Private lender HDFC Bank will soon set the ball rolling on its search for a successor to its founding Chief Executive Officer and Managing Director, Aditya Puri.
Puri, who joined the bank in 1992, will see his tenure end on October 31, 2020 (at the age of 69). While he could technically add one more year to his 26-year stint - RBI has set the age limit for private bank chiefs at 70 - the country's second largest private bank by assets wants to ensure a smooth succession at the top.
At an analyst meet on Wednesday, the bank’s management said it intends to start the process of identifying a successor 18-24 months ahead of Puri’s retirement. The bank plans to have a 12-month overlap period during, which the new successor will work with Puri.
If murmurs in banking industry are anything to go by, current deputy managing director Paresh Sukthankar (55) is placed favourably to succeed Puri.
Puri, 67, said that HDFC Bank will look at grooming talent from within, or outside, and an announcement will be made in the next 18 months.
Like in the case of non-performing assets (NPAs) - where it has the lowest ratio among top banks - Puri would want to set an example in succession planning too.
His peers in ICICI Bank and Axis Bank are embroiled in controversies over their governance standards and performance in their respective banks.
Axis Bank’s Shikha Sharma (59) is set to step down as the CEO and MD in December 2018 after her tenure was cut short from the three year-extension to seven months. Axis has appointed global leadership advisory firm Egon Zehnder to search for Sharma's successor.
Meanwhile, ICICI Bank's Chanda Kochhar (56), whose term is set to end in March 2019, is under pressure to quit amid nepotism charges levelled at her relating to loans given to Videocon Group. The bank has not disclosed any succession plans.
Puri said the bank has laid down a roadmap for the transition of the bank’s CEO position and said that the depth of leadership at the bank will ensure that the handover is smooth.
Analysts say that the leadership change will not alter much for HDFC Bank as it has positioned itself as a process-driven institution.
Puri has accumulated 44 years of work experience. Prior to HDFC Bank, he was CEO of Citibank, Malaysia from 1992 to 1994. Earlier, he worked as a finance director at Mahindra and Mahindra.
Last year, Puri had shared his post-retirement plans, which included working with under-privileged, gardening and pursue writing. Many also expect to see him taking classes at the top management institutes.

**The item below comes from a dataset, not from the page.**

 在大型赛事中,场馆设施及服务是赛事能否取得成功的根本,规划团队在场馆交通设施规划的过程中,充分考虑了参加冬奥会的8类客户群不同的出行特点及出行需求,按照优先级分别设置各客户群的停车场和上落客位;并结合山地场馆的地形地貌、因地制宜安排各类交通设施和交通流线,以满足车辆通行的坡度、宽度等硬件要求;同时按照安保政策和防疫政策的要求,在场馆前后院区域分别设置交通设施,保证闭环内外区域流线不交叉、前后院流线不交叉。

For those who have been intrigued by the reclusive banker's corporate life, a book on his HDFC Bank days in his own words would be something to look out for!

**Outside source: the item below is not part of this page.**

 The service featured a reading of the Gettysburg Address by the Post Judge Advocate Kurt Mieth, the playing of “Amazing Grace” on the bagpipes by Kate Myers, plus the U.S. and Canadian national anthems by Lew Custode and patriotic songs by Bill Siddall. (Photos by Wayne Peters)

Key takeaways from the analyst meet (as per Edelweiss report):
1. Puri will retire by October 2020. Successor will be in place a year prior to Puri’s retirement and bank will maintain focus on organic growth and M&A is not on the table.
2. HDB Financial Services may be listed in the next few years.
3. Target to lower the cost/income ratio to below 40 percent (34 percent in FY18) over the next three-five years.
4. Management doesn’t see concerns on asset quality in unsecured personal loans segment. Even a moderate capex cycle is unlikely to derail retail growth and asset quality in the near-term. Bank has focused on working capital financing and 70 percent of book is in working-capital loans.
5. Targets to become market leader in consumer durables and lifestyle financing segments over the next 18-24 months.
6. Plans to leverage self-employed customer segment which is envisaged to grow at a faster clip than salaried segment.